Page:The Works of the Rev. Jonathan Swift, Volume 8.djvu/293

From Wikisource
Jump to navigation Jump to search
This page has been proofread, but needs to be validated.
DIALOGUE I.
283

Lady Smart. Mr. Neverout, methinks you stand in your own light.

Neverout. Ah! madam, I have done so all my life.

Ld. Sparkish. I'm sure he sits in mine: Prithee, Tom, sit a little farther: I believe your father was no glazier.

Lady Smart. Miss, dear girl, fill me out a dish of tea, for I'm very lazy.


Miss fills a dish of tea, sweetens it, and then tastes it.


Lady Smart. What, miss, will you be my taster?

Miss. No, madam; but they say 'tis an ill cook that can't lick her own fingers.

Neverout. Pray, miss, fill me another.

Miss. Will you have it now, or stay till you get it?

Lady Answ. But, colonel, they say you went to court last night very drunk: nay, I'm told for certain, you had been among the Philistines: no wonder the cat wink'd, when both her eyes were out.

Col.
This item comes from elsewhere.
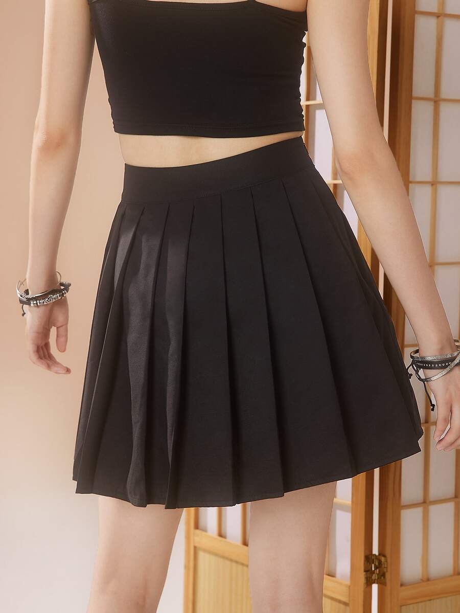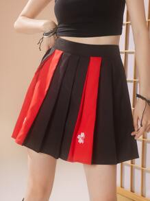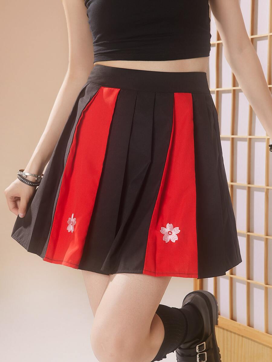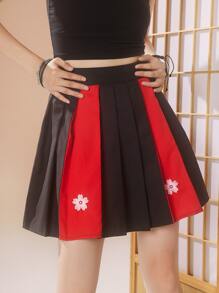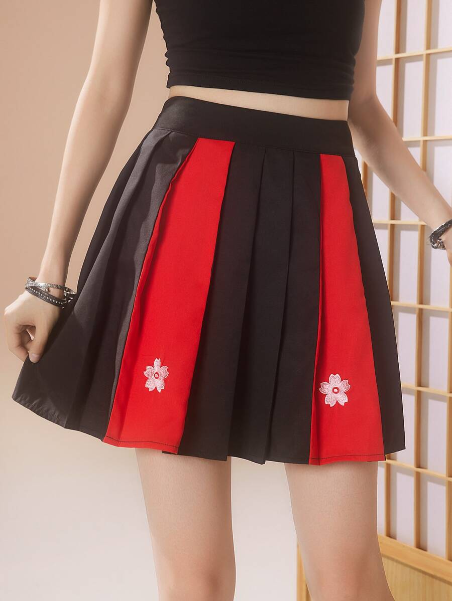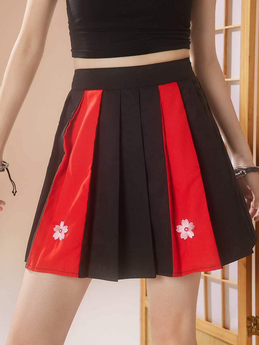 Anime Floral Embroidery Colorblock Pleated Skirt

Indeed, madam, that's a lie.

Lady Answ. 'Tis better I should lie than you should lose your good manners: besides, I don't lie, I sit.

Neverout. O faith, colonel, you must own you had a drop in your eye; when I left you, you were half seas over.

Ld. Sparkish. Well, I fear lady Answerall can't live long, she has so much wit.

Neverout. No; she can't live, that's certain; but she may linger thirty or forty years.

Miss. Live long I ay, longer than a cat or a dog, or a better thing.